## To do:
What follows is a listing to transcribe exactly, leaving the pictures out.

## Source data:
★ ★ ★ ★ ★ ★ ★

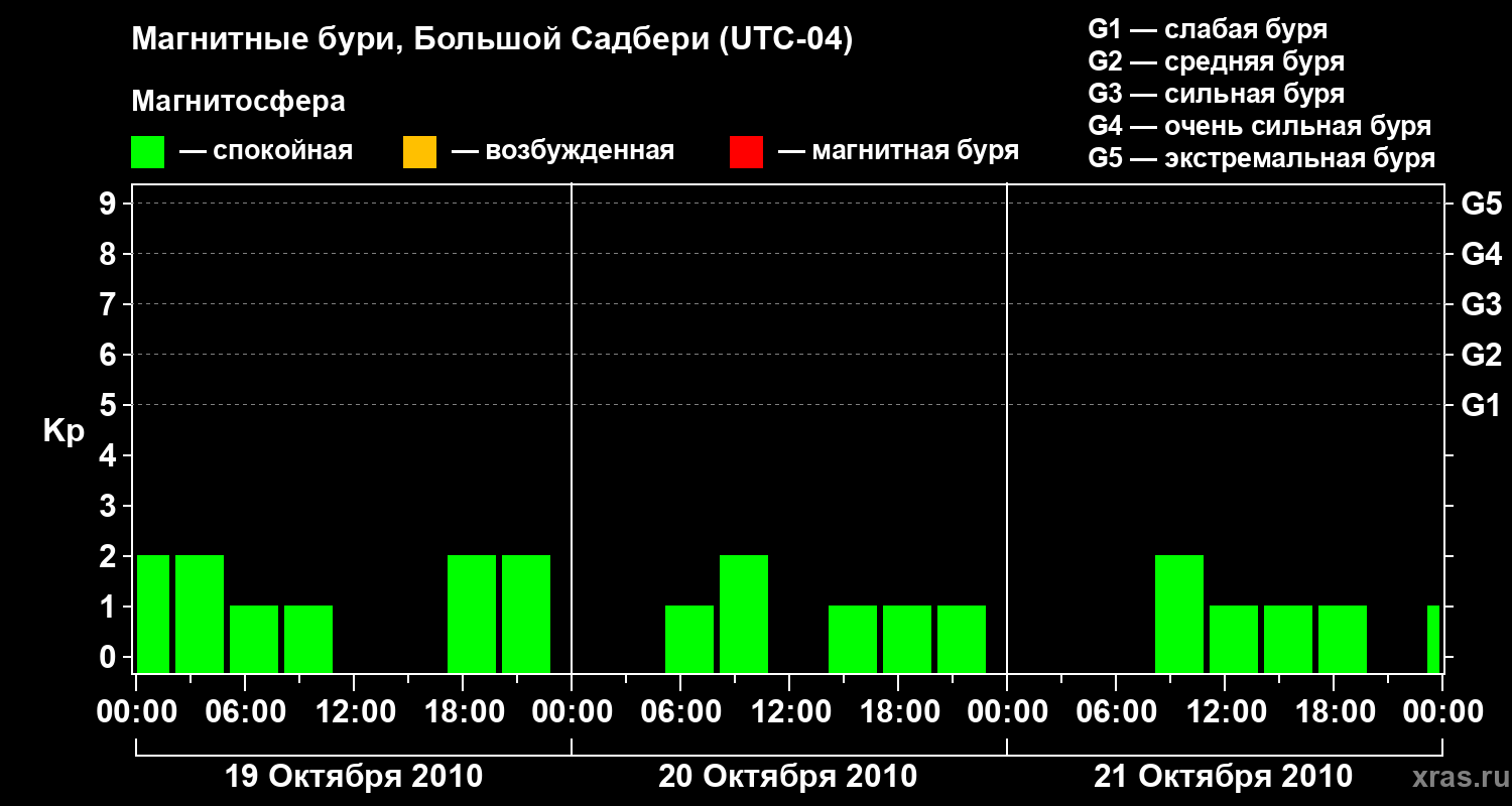 Магнитные бури Большом Садбери 21 октября 2010 года
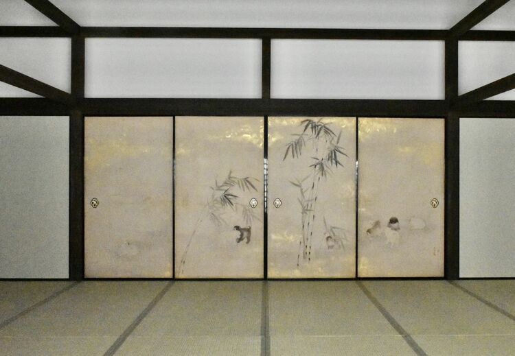 「空間と作品」展示風景。円山応挙《竹に狗子波に鴨図襖》 江戸時代 18世紀
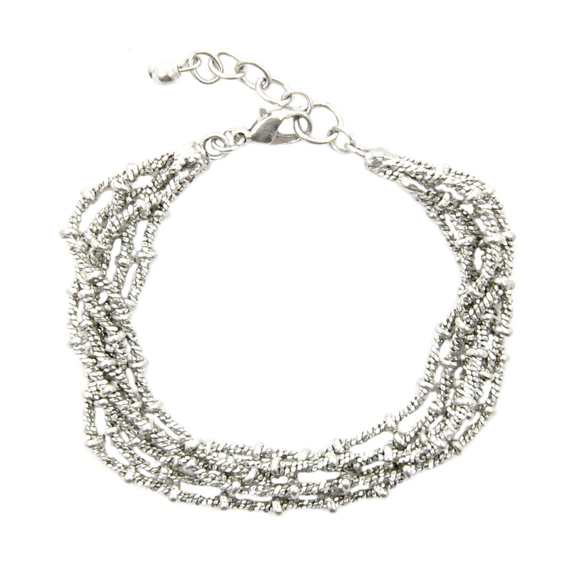 6 Strand Textured Metal Chain Bracelet in Silver.
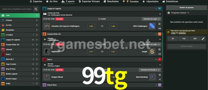 O 99tg oferece uma grande seleção de opções de apostas em e-sports com probabilidades competitivas

★ ★ ★ ★ ★ ★ ★

## Answer to the exercise:
 Магнитные бури Большом Садбери 21 октября 2010 года
 「空間と作品」展示風景。円山応挙《竹に狗子波に鴨図襖》 江戸時代 18世紀
 6 Strand Textured Metal Chain Bracelet in Silver.
 O 99tg oferece uma grande seleção de opções de apostas em e-sports com probabilidades competitivas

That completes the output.